"You have offered him a reasonable sum for it," Phineas Duge said, "and he declines to sell. Very well, what do you propose to do?"
"It was stolen from you," Weiss said. "He may justly decline to treat with us; but it is your property, and you have a right to it."
"You propose, then?" Phineas Duge asked.
"That you should catch the Kaiserin to London to-morrow," Higgins said, "and find out this man Vine. The rest we are content to leave with you, but I think that if you try you will get it."
Phineas Duge sat quite still for several moments. He sipped his wine thoughtfully, threw his cigar, which had gone out, into the fire, and lit a cigarette. He appreciated the force of the suggestion, and a trip to Europe was by no means distasteful to him, but he was not a man to decide upon anything of this sort without reflection.

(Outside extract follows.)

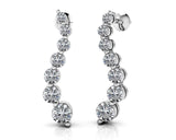 This item features exclusively high-quality natural diamonds, ensuring superior quality and ethical sourcing. For more information about the diamond quality, please do not hesitate to contact us. The diamonds in these Journey earrings meander down from the ear, gradually increasing in size. The wavy shape creates an effect that is truly remarkable. Each, round, prong-set stone is surrounded by a circle of gold or platinum . you choose! These lovely earrings are available for you in 4 different combinations, with total diamond weights ranging from 0.5 to 2 carats. What's not to love.

"A week ago," he said softly, "even a day ago, and my absence from New York would have meant ruin. If I leave the country to-morrow, and trust myself upon the ocean for six days, what guarantee have I that you will keep to any arrangement which we might make to-morrow?"
"We will sign affidavits," Weiss declared, "that we will not, directly or indirectly, enter into any operations in any one of our stocks during your absence, except for your profit as well as our own. We will execute a deed of partnership as regards any transactions which we might enter into during your absence."
Phineas Duge nodded thoughtfully.
"I suppose," he said, "we might be able to fix things up that way. I should be glad enough to get the paper back again, but Vine is not an easy man to deal with, and he is pleased to call himself my enemy."
"The men who have called themselves that," Higgins remarked grimly, "have generally been sorry for it."